El Bermejino prehistórico: 3
- III -
[editar]Málaga era ciudad fenicia de mucho comercio. Casi competía con Cádiz. Su puerto estaba lleno de naves tirias, pelasgas, griegas y etruscas. En sus tiendas se vendían mil primores traídos de lejanos países: telas de lana, teñidas de púrpura en Tiro; joyas de oro hechas en Menfis, en Sais y en otras ciudades egipcias; piedras preciosas y tejidos de algodón del Indostán; alfombras de Persia, y hasta sedería del casi ignorado país de los Seras.
Echeloría fue a Málaga varias veces con su padre y con su novio, a recorrer dichas tiendas y a comprar galas para el suspirado día del casamiento.
Hallábase a la sazón en Málaga uno de los más audaces y sabios marinos que había entonces en el mundo: el célebre Adherbal.
Acababa de hacer una navegación felicísima, y su nave se parecía anclada en el puerto, cargada de estaño, ámbar, hierro, pieles de armiños y de castores y otros objetos de valor que él había ido a buscar a las costas de Francia, Inglaterra y otras regiones del norte de Europa, adonde sólo los fenicios se aventuraban a llegar en aquella época.
Adherbal pensaba volver pronto a Tiro; pero antes debía tomar en Málaga cobre, vino, azogue y oro en polvo de las arenas de nuestros ríos, dejando allí en cambio parte de su cargamento.
Paseando un día por el muelle vio Adherbal a Echeloría, y al verla juró por Melcart y por Astoret, como si dijéramos por Hércules y por Venus, que jamás había visto criatura más linda y salada. Ganas tuvo de llegarse de súbito a la muchacha y de soltarle el pavo, esto es, de decirle sin ceremonias sus atrevidos pensamientos; pero Mutileder iba al lado de ella, mirando receloso a todas partes, con la barba sobre el hombro, en actitud desconfiada y hostil y blandiendo un enorme y fiero garrote.
La prudencia refrenó los ímpetus del marino fenicio. Bastaba ver de refilón a Mutileder para hacerse cargo de que era capaz de deslomar a cualquiera de un garrotazo, si llegaba a descomponerse un poco con la hermosa y cándida Echeloría.

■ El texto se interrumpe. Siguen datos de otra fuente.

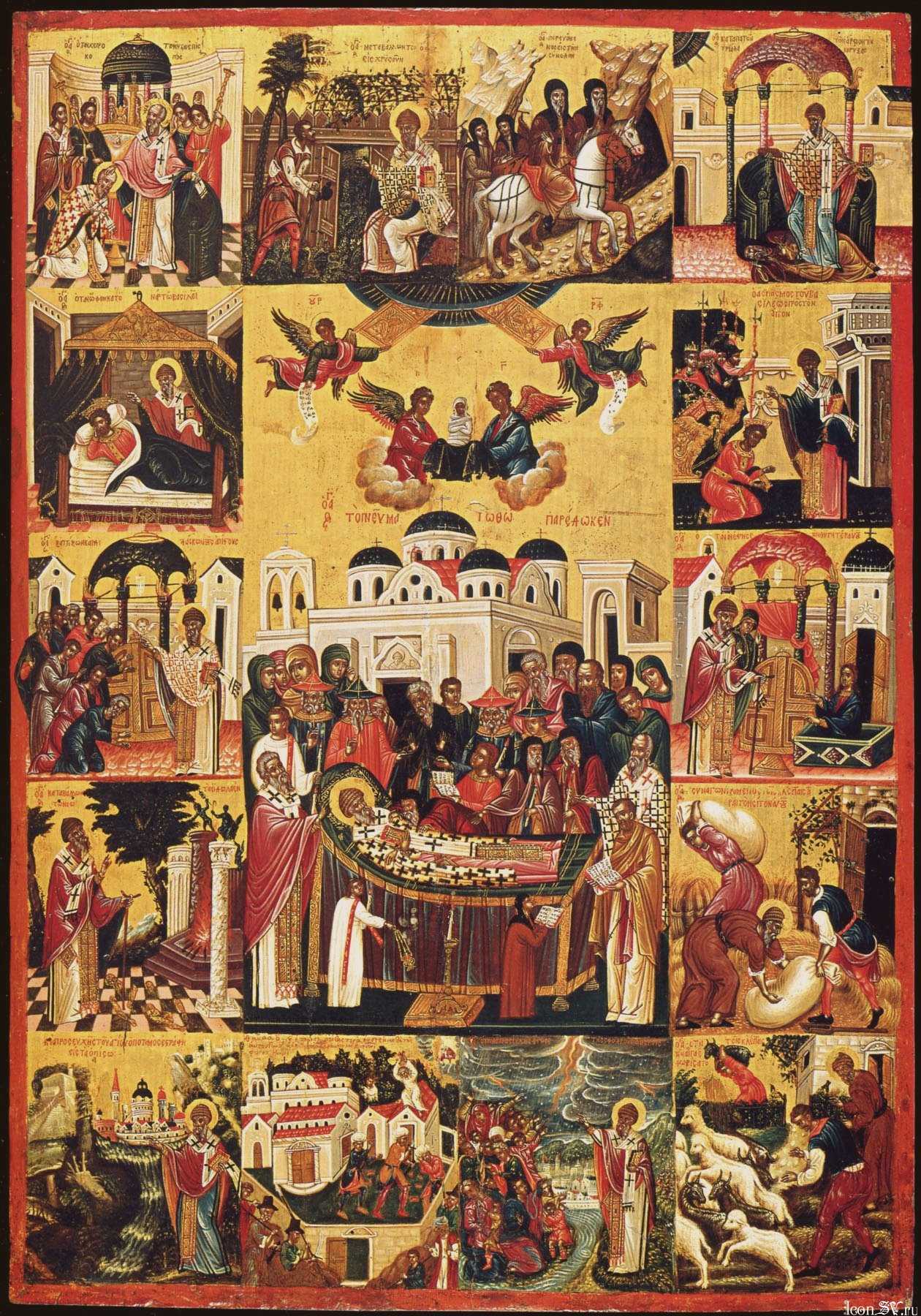 Подпись к иллюстрации: Икона "Успение свт. Спиридона со сценами жития" Иконописец Эммануил Тцанфурнарис (Манос). Критская школа. (60,5 × 42,8 см.), 1595 г. Собрание Музея икон. Венеция. ИталияЭта иллюстрация использована на страницах:

Adherbal, como queda dicho, era prudente, pero era obstinado también, emprendedor y ladino. Echeloría no produjo en él una impresión fugaz y ligera, sino profunda y durable. Así fue que determinó averiguar quién era y dónde vivía, y lo consiguió con discreción y recato.

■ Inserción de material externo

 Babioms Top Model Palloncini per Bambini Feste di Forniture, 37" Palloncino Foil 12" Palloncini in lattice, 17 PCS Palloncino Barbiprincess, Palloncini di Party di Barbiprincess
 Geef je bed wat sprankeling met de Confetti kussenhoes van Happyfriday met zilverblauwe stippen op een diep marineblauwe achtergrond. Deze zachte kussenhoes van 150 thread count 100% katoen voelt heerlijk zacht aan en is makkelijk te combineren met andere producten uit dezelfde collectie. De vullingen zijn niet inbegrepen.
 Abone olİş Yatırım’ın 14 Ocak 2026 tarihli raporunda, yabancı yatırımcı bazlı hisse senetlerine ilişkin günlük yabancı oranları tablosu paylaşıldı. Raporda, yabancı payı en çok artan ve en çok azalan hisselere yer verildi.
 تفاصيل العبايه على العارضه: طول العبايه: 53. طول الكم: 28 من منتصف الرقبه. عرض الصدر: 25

Dos o tres veces fue después a caballo a Churriana con disimulo y volvió a ver a la niña, quedando cautivo de su singular donaire.
Por último, por medio de personas listas del país, se informó de la vida de Echeloría; supo que iba a casarse con Mutileder, y no quedó pormenor de que no llegase a tener cabal noticia.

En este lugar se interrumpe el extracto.